How many numbers are there between 1 and 1000 with their sum of digits ≤ 5?
55
We need a number of the form ABC where A+B+C≤5, and A,B,C are whole numbers.
Method 1 - Trial and Error - Manual approach
List out all the possibilities manually,
Case 1: When sum of digits=1
A+B+C=1
We can solve this using the similar to different approach where there is 1 zero and 1 one. Number of combinations =3C2=3
Case 2: When sum of digits=2
A+B+C=2
Number of possibilities = Answer based on 2 zeroes and 2 ones =4C2=6
Case 3: When sum of digits=3
A+B+C=3
Number of possibilities = Answer based on 3 zeroes and 2 ones =5C2=10
Case 4: When sum of digits=4
A+B+C=4
Number of possibilities = Answer based on 4 zeroes and 2 ones =6C2=15
Case 5: When sum of digits=5
A+B+C=5
Number of possibilities = Answer based on 5 zeroes and 2 ones =7C2=21
Total = 21+15+10+6+3 = 55
Method 2- Shortcut
We will use a dummy variable "D” to take the place of the ≤ sign.

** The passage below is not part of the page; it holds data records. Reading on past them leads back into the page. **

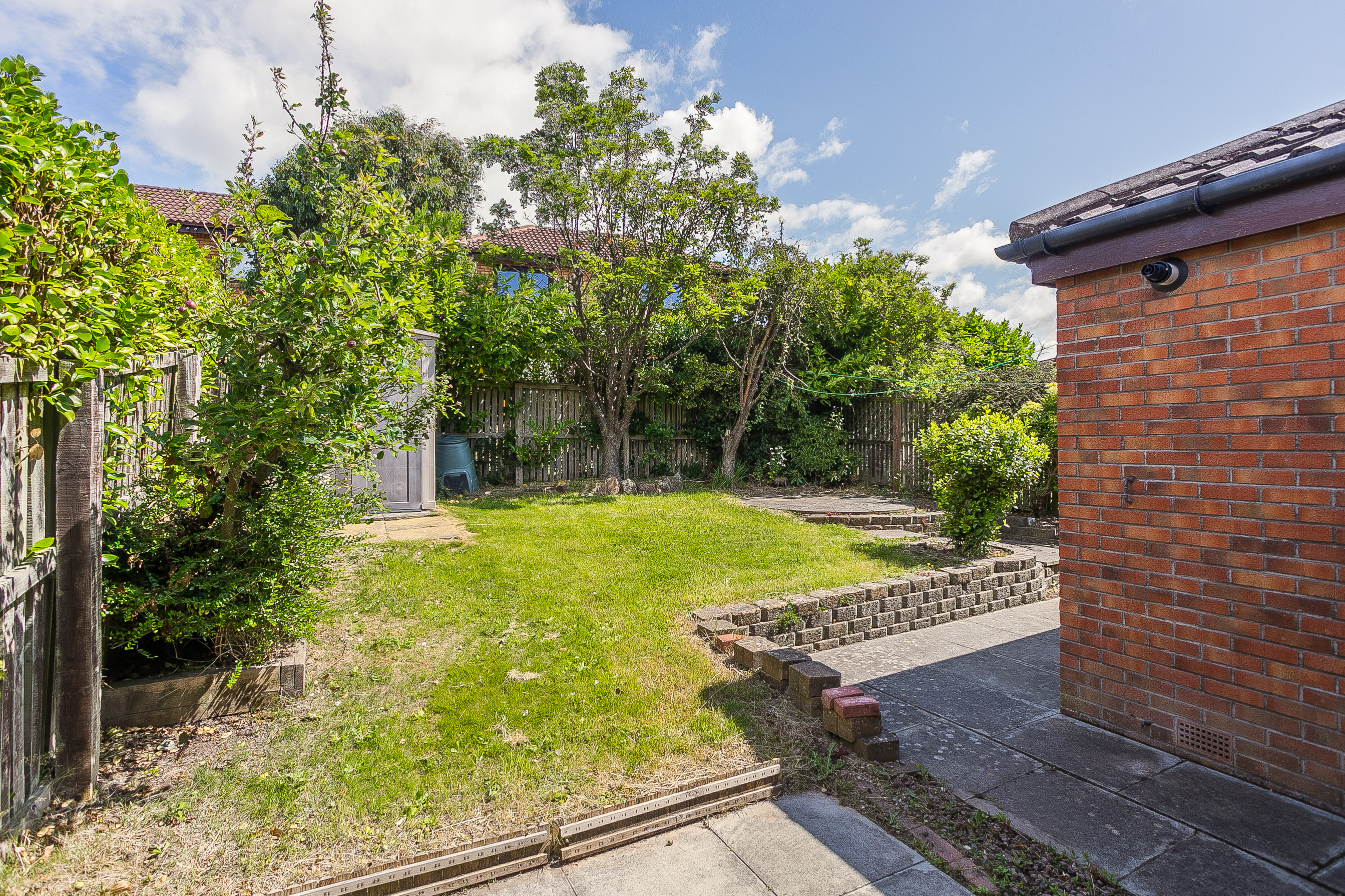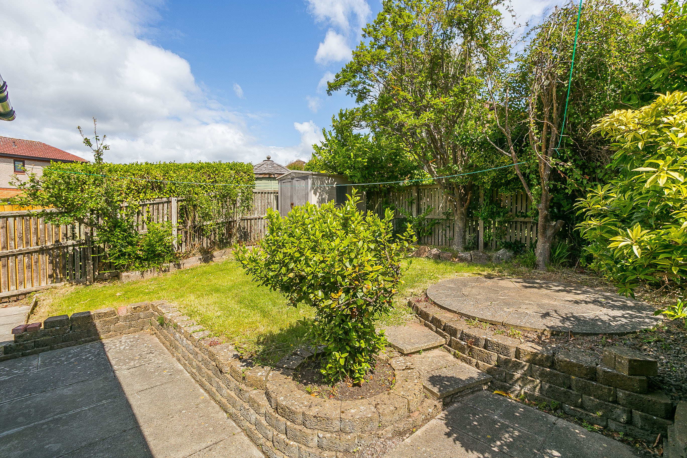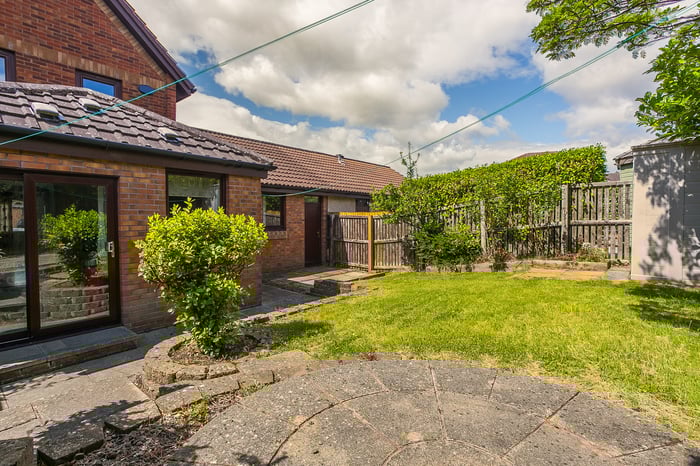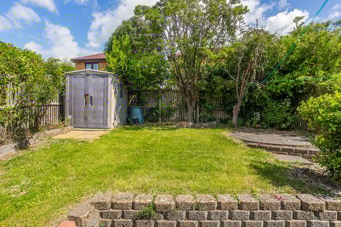 • With a residents' parking to the front, a good-sized enclosed rear garden features a lawn, established shrubbery, paved patios, and a store shed.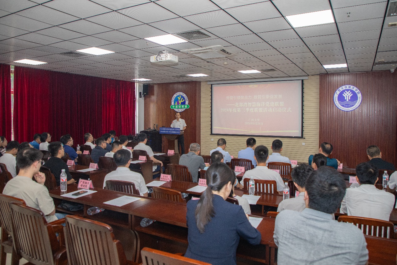 9月28日,由自治区港航发展中心主办、学院党委承办,以“党建引领聚合力 数智引擎促发展”为主题的北部湾智慧海洋党建联盟2024年度第三季度联盟活动在学院举行。校党委常委、副校长宁旭初、自然资源部第四海洋研究所副所长兼总工程师徐兴永出席并致辞。广西海事局党组成员、纪检组长罗华等来自北部湾智慧海洋党建联盟26家单位60余名海洋专家学者和工作者参加活动。学院党委书记秦华东主持活动。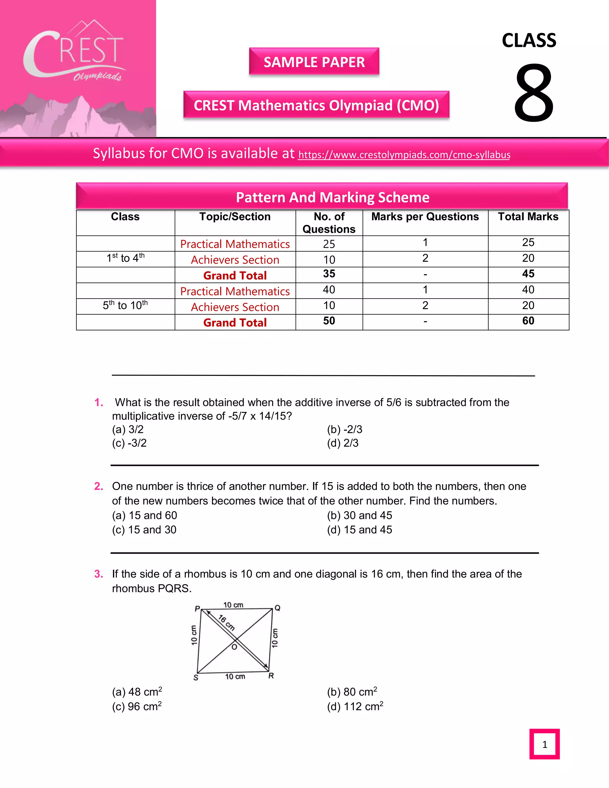 The document is a sample paper for the Class 8 Crest Mathematics Olympiad, containing a variety of mathematics questions across different topics, including geometry, algebra, and area calculations. It includes both multiple-choice questions and answers, along with a breakdown of sections and total marks for achievers. Additionally, it provides a link to the syllabus and details about the structure of the paper.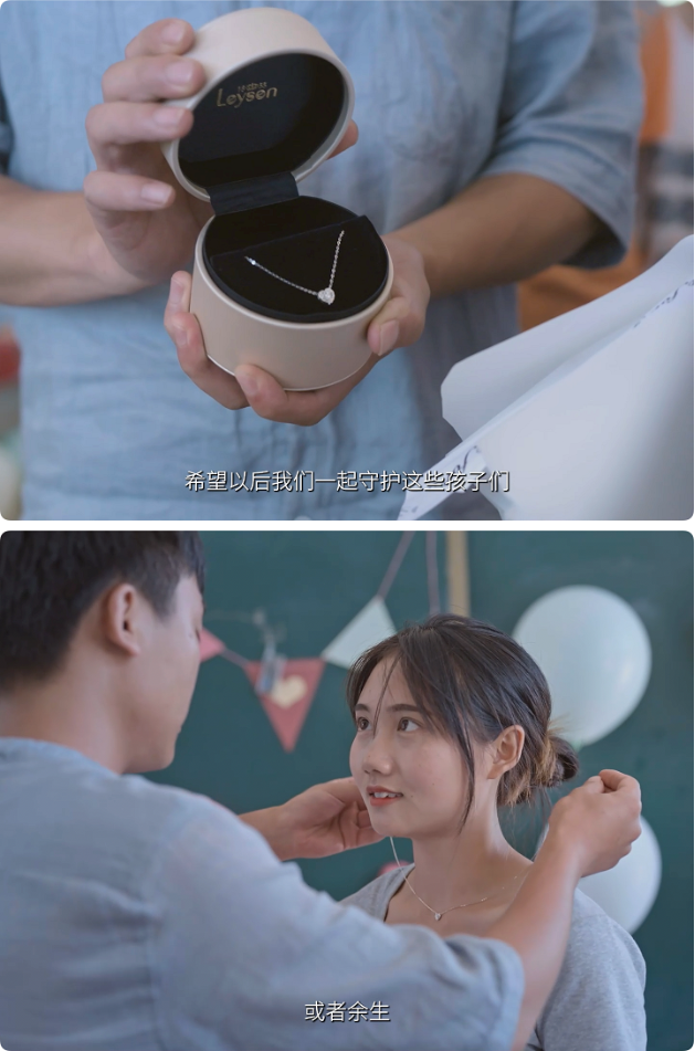 当贵州遵义桐梓县支教4年的杨小龙老师,终于有机会向同为支教老师的许双告白,当杨小龙为许双带上寓意真心守护的小真心项链时,这份始于支教、忠于真心的爱情让人动容:“希望以后我们一起守护这些孩子,往后余生我可以一直照顾你”。

Then the equation becomes -
A+B+C+D=5 (Where D can take values 0,1,2,3,4,5)
A+B+CD504132231405
Using the same Similar to Different approach, we can get the answer based on 5 zeroes and 3 ones as 8C3=56
We must remove the case where D=5, because in that case A+B+C=0, which is not possible. Thus, the answer is 56-1=55.